SrSymRK, a plant receptor essential for symbiosome formation

Abstract

The symbiosis between legumes and rhizobia is essential for the nitrogen input into the life cycle on our planet. New root organs, the nodules, are established, which house N2-fixing bacteria internalized into the host cell cytoplasm as horizontally acquired organelles, the symbiosomes. The interaction is initiated by bacterial invasion via epidermal root hair curling and cell division in the cortex, both triggered by bacterial nodulation factors. Of the several genes involved in nodule initiation that have been identified, one encodes the leucine-rich repeat-type receptor kinase SymRK. In SymRK mutants of Lotus japonicus or its orthologs in Medicago sp. and Pisum sativum, nodule initiation is arrested at the level of the root hair interaction. Because of the epidermal block, the role of SymRK at later stages of nodule development remained enigmatic. To analyze the role of SymRK downstream of the epidermis, the water-tolerant legume Sesbania rostrata was used that has developed a nodulation strategy to circumvent root hair responses for bacterial invasion.

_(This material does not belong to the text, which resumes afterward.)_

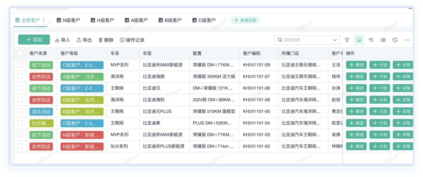 以前客户来了,加个微信,聊两句就没下文了。现在系统里直接记录客户信息、购车意向、跟进进度,谁负责、约了啥时候回访,一目了然。
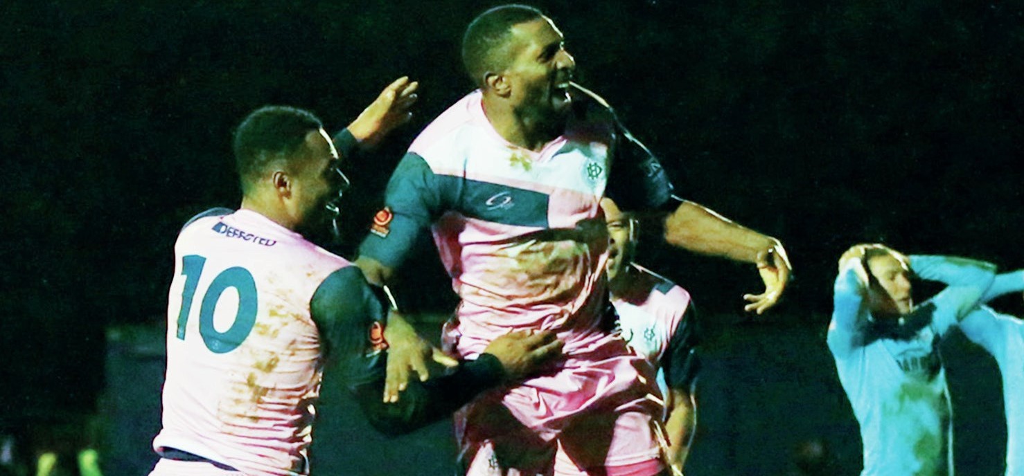 HEARTACHE! Tyrone Sterling is congratulated after firing Dulwich Hamlet’s winner, much to the angst of the Brentwood players

Evidence is provided that SymRK plays an essential role during endosymbiotic uptake in plant cells.

Fig. 1.

SrSymRK, the SymRK ortholog of S. rostrata.(A) Sequence of the SrSymRK protein and orthologs. SrSymRK shows a 90% and 86% similarity to L. japonicus LjSymRK and M. truncatula MtDMI2, respectively. Conserved amino acids are highlighted. (B) Southern analysis with the extracellular domain of SrSymRK as a probe.

Fig. 2.

Expresssion analysis of SrSymRK. (A) RT-PCR analysis. SrSymRK expression levels are shown for leaves, flowers, uninfected adventitious root primordia (primordium), in adventitious root primordia infected with ORS571 after 2, 4, and 6 dpi, in hydroponic roots (T^-), and in hydroponic roots 12, 24, 36, 72, and 84 h after inoculation. (B) Bright-field image of an in situ mRNA localization in a semithin section through a nodule primordium 72 h after inoculation. (C) Dark-field image of B; signal is visible as silver grains in the infection zone. ip, infection pocket; iz, infection zone; m, meristem. (Scale bars, 100 μm.)

Fig. 3.

Knockdown phenotype of SrSymRK.(A) Low magnification view of a SrSymRK knockdown line, 10 dpi. Bacteria are labeled with β-glucuronidase. (B) Low magnification view of a functional WT nodule, 10 dpi. Bacteria are labeled with β-glucuronidase. (C) Semithin section through A. IPs, ITs, and a primordium are formed, but no cells are infected. (D) Semithin section through B, 10 dpi. (E and F) Details of C and D. Uninfected and infected cells are marked by triangles and asterisks, respectively. ct, central tissue; ip, infection pocket; it, infection thread; iz, infection zone; m, meristem. (Scale bars, 100 μm.)

Fig. 4.

Ultrastructural analysis of the SrSymRK knockdown phenotype. (A) Transverse section through a WT intracellular IT. (B) Transverse section through an intracellular IT in an SrSymRK knockdown background, 10 dpi. Arrowhead and arrow indicate low electron-dense rim and abnormal cell wall depositions in SrSymRK knockdown lines, respectively. (C) Section through a bag-like intracellular IT consisting of numerous branches, 10 dpi. (D) Section through an intracellular IT in an SrSymRK knockdown background. Low electron-dense rim is indicated by an arrowhead. (E) Rare release of bacteria, resulting in abnormal symbiosomes, which are indicated by arrows. (F) WT bacteroids at 6 dpi. (Scale bars, 1 μm.)